Höglind and his colleagues have worked with both model and practical experiments. They have been based on geographical downscaled climate scenarios from the Norwegian Meteorological Institute. These are based again on the temperature scenarios from the IPCC. The researchers used data from the period 1971-1990 as the reference and directed his gaze to the period 2071-2100. They have assumed that the average temperature of Jæren then up to three degrees higher. 315 days
Here are some of the key projections:
- The climate in Jæren will look like much on the current conditions along the coast of Belgium today, but be wetter. The growing season in the Sun is increased to 315 days, compared with 234 days on average in 1961-1990. In comparison, the growing season in the Netherlands over the past 15 years has been 290 days on average.
- The increase in the fall can be up to four degrees, compared with 1971-1990.
- First Revolt in Jæren can start in early May. One to two additional tunes and / or such extended grazing season.

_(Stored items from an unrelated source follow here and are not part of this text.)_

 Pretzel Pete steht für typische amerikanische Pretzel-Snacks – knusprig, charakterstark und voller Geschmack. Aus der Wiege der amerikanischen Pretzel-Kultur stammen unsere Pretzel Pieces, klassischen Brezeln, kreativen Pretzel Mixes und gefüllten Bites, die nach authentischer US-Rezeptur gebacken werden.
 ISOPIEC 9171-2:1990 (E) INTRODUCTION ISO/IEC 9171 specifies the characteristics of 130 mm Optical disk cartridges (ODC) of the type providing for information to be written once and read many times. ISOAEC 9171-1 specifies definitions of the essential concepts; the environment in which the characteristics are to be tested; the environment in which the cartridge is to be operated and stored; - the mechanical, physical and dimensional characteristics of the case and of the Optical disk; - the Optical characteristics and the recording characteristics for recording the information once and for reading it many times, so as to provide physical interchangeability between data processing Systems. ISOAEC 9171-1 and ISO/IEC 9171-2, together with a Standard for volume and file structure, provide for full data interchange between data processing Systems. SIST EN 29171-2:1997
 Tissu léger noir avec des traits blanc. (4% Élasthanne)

- Annual precipitation will increase noticeably. Again, the trick will be greatest in the autumn, with up to 50 millimeters more rain per month.
- 550 ppm CO2 in the air (to 384 ppm today) leads to increased plant growth, but the impact is unlikely to exceed 10 percent under Norwegian conditions.

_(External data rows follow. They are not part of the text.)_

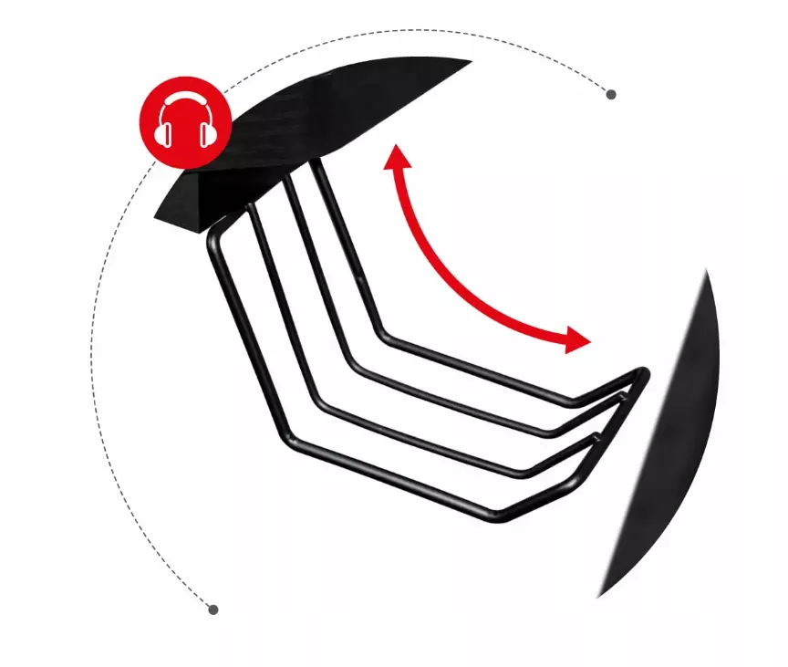 Зруний складний тримач дозволяє зберігати навушники під столом, заощаджуючи робочий простір.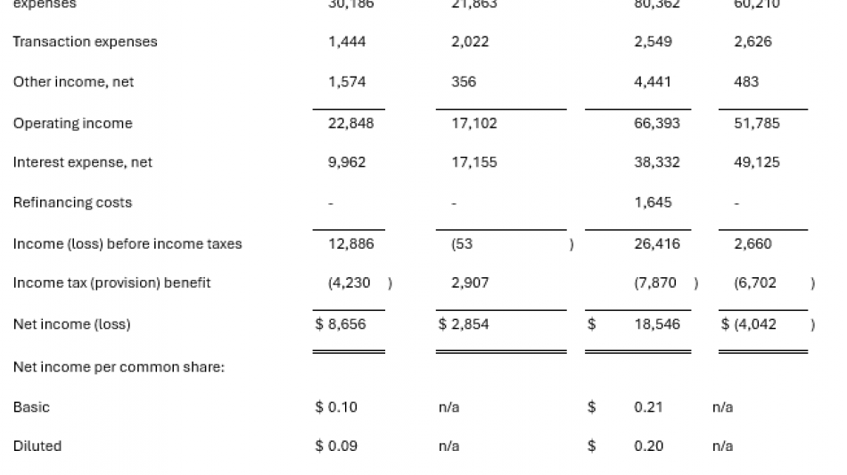 Das bereinigte EBITDA in den ersten neun Monaten des Jahres 2024 betrug 106,2 Mio. $, was einem Plus von 27,1 % bzw. 22,7 Mio. $ gegenüber dem Vergleichszeitraum des Vorjahres entspricht. Das bereinigte EBITDA als Prozentsatz des Nettoumsatzes belief sich auf 36,3 %, verglichen mit 36,1 % in den ersten neun Monaten des Vorjahres.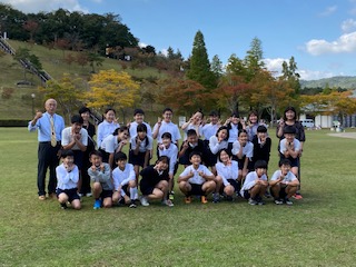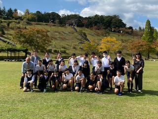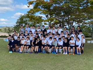 昼食後、広場の紅葉が綺麗だったので、クラスごとと全体の集合写真を撮りました。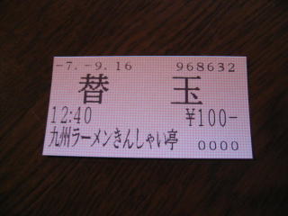 麺は少なめ、すぐになくなりましたので、先に買っておいた替玉食券100円をお願いしますが、現金での注文も可能です。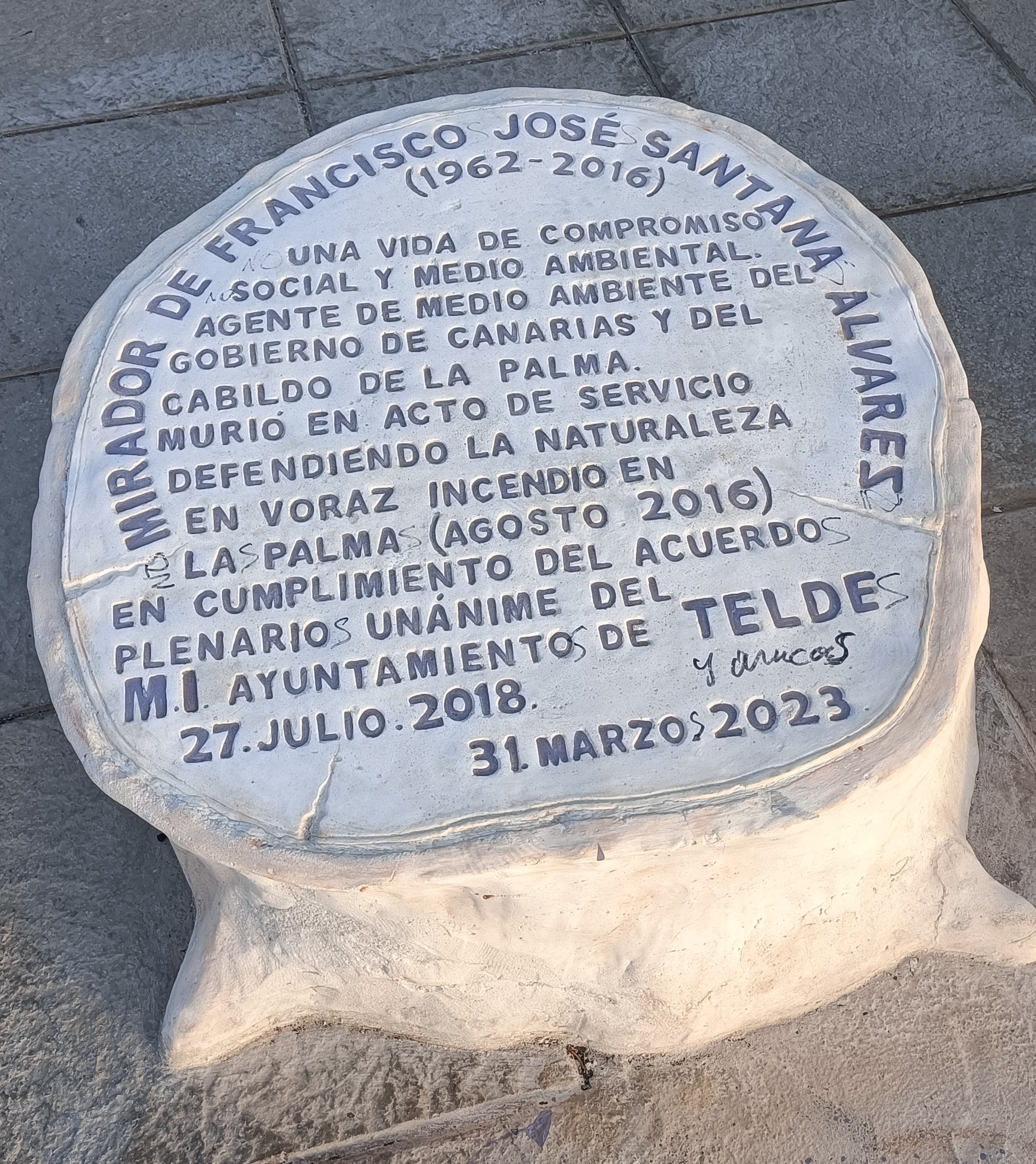 1962-2016. Una vida de compromiso social y mediambiental. Agente de Medioambiente del Gobierno de Canarias y del Cabildo de La Palma. Murió en acto de servicio defendiendo la naturaleza en voraz incendio en La Palma (agosto 2016). En cumplimiento del acuerdo plenario unánime del M I. Ayuntamiento de Telde (27 de julio de 2018)

- Decreased risk of frost damage and ice damage in the fall / winter. Increased risk of frost damage after growth starts.

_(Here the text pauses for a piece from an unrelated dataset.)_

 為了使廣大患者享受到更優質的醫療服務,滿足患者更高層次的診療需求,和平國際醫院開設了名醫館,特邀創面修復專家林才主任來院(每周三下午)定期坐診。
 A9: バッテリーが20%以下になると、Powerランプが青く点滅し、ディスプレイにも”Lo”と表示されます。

- Mats Höglind emphasizes that there is considerable uncertainty about how much climate will vary within short periods of time and where extreme fluctuations. This will be important for the opportunities an extended growing season actually provide for increased harvest and larger crops.
Even more autumn rainfall can offer great challenges for many cultures.
(the article is translated with google)
the original article: http://www.aftenbladet.no/energi/klima/950359/Jaeren_kan_faa_belgisk_klima_i_2070.html
# The article about heavy rain in Western Norway:
the picture of Ha river flooded was the one that cought my attention the most.
the text under the picture: The popular salmon river Hå River at Jæren in Rogaland has gone far beyond its shores as a result of the heavy rain washed that have characterized the region over the past day. PHOTO: TOR MARTIN Åsland
the original article: http://www.aftenposten.no/nyheter/iriks/article3383754.ece
10 June 2010
9 June 2010
Movie: Wind Migration
The natural diversity is made up of all the world's life forms and their habitats. This includes biological processes and ecological functions at different levels. Many species and habitats is now in danger of disappearing forever. Physical interventions and changes in land use is considered the main couse. The tendency is desired areas drained and filled, mono-cultured for a better and faster crops to be developed. It allows the bird's natural areas to shrink and changes to quikley for them to be able to adapt.
Some species related to cultivated agriculture return because of changing in farming and a more intensive farming. Suggested at the wrong time is an example. Modern forestry with the removal of old dead trees, and this is negative for some forest living birds, like woodpeckers. Birds can adapt to new areas, but the story in the agricultural landscape shows that the breeding success goes down, the species will be fewer and the number of birds will be less.
Norway has committed itself to halt the loss of biological diversety by 2010. Maby Jæren can be the first step in this direction.